Muñoz supo hacer estallar a Romero. Lo convirtió en Rodrigo y le puso su cámara –su ojo– lo más cerca posible. Así construyó un relato íntimo. Metió en la misma historia lo que se conoce (al Rodrigo artista que conquistó la música popular argentina, que se volvió una figura de televisión y el hombre más deseado del país) y lo desconocido: el pibe que quería cantar en Buenos Aires, el que se enamoraba de sus mujeres, el que extrañaba a su hijo, el que se dejó cruzar el cuerpo –y la vida– por la fama.
“Me atraía mostrar lo que tenía que ver con su intimidad. Qué pasaba puertas adentro: en el camarín, en su casa, en sus historias de amor, con su hijo, con su soledad”, dice Muñoz, que tuvo su primer contacto profundo con la historia de Rodrigo en 2014, cuando dirigió un capítulo de la serie de documentales sobre ídolos populares de Canal Encuentro, Soy del pueblo. Ahí viajó a Córdoba, habló con la familia, los músicos y los amigos de Rodrigo. “A él lo atravesó la vida. Iba de manera muy impulsiva, con esa pasión que lo movía. Y creo que detrás de todo eso hay un costo. Es muy difícil dividir las cosas, y él hizo lo que pudo, como todos nosotros”.
Después de terminar en el piso, llorando ante desconocidos, Rodrigo Romero supo que iba a ser el protagonista de El Potro. Esa escena, improvisada en el baño de un casting y que no formaría parte de la película, terminó delineando su destino y el del film. Con esa intensidad bipolar se desarrolla la biopic que cuenta el ascenso, la fama, la consagración y la muerte de Rodrigo. El impulso y la compañía de su madre, primero la negativa y luego la dirección de su padre, la crisis y reinvención que lo llevó a su estado de gracia como artista.
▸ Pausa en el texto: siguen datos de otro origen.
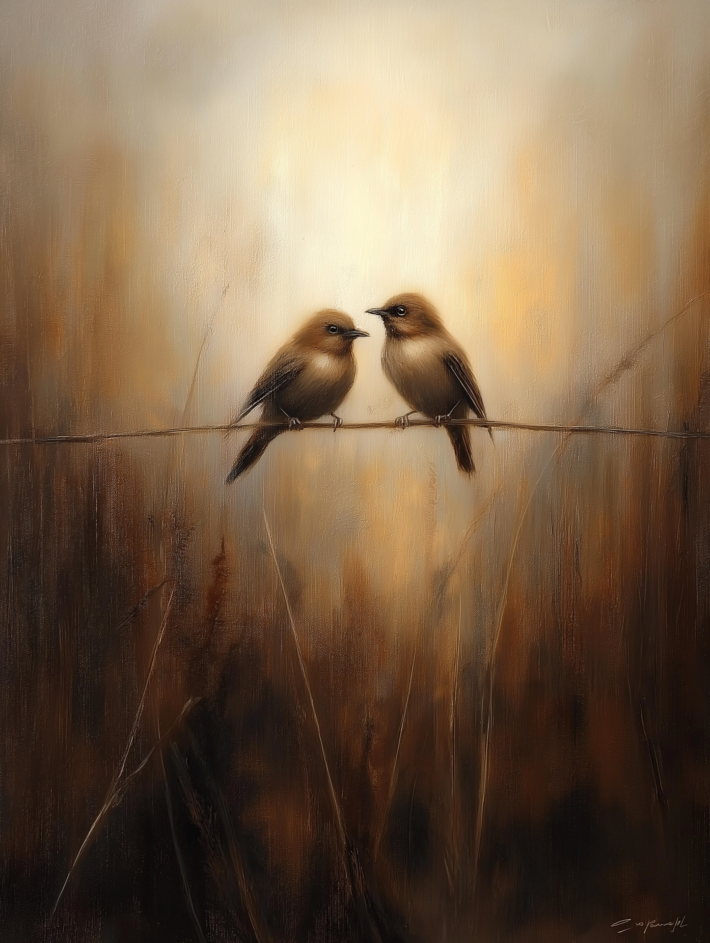 The image features a vivid scene with blackbirds perched on a wire against a bright, sunny backdrop. The style evokes a sense of surrealism, merging everyday life with whimsical elements.
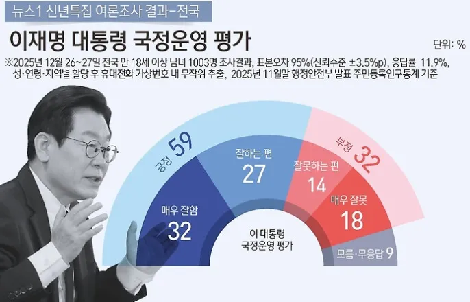 TK서도 "李대통령 잘한다" 전국 지지율 59%…국정 성과 1위 "외교·안보"

Muchas cosas de esa historia Romero ya las conocía porque es fan de Rodrigo, a quien conoció en los camarines de un show cuando tenía 12. Esa idolatría lo llevó a cruzarse con el aviso del casting. Una noche estaba en su casa escroleando Facebook cuando vio el flyer de la búsqueda del protagonista de la película. Entonces, no sabe muy bien por qué, mandó primero unas fotos, después unos videos, luego fue a unas pruebas en persona y terminó en ese baño llorando con una cámara en la cara y dos coachs detrás dándole indicaciones para actuar.
Así Romero se convirtió en el Rodrigo Bueno de Lorena Muñoz. El protagonista de un relato a la medida de la directora. Hay planos, formas de ubicar la cámara –la lente enfocando con la luz de frente– y ritmos que denotan el toque de la realizadora de Gilda, un punto con el que parece muy difícil no trazar líneas de contacto. “Son figuras y vidas muy distintas. Da la casualidad de que yo dirijo las dos y eso hace que dialoguen –explica Muñoz–. Pero cada una tiene su universo estético y narrativo”.
Si la de Gilda es la historia romántica de una mujer que tardíamente persiguió su sueño y logró conquistarlo al punto de volverse ídolo –santa– y ejemplo para miles, la de Rodrigo es un relato intimista que va in crescendo hasta volverse frenético. La historia de un rockstar frágil que tocaba cuarteto.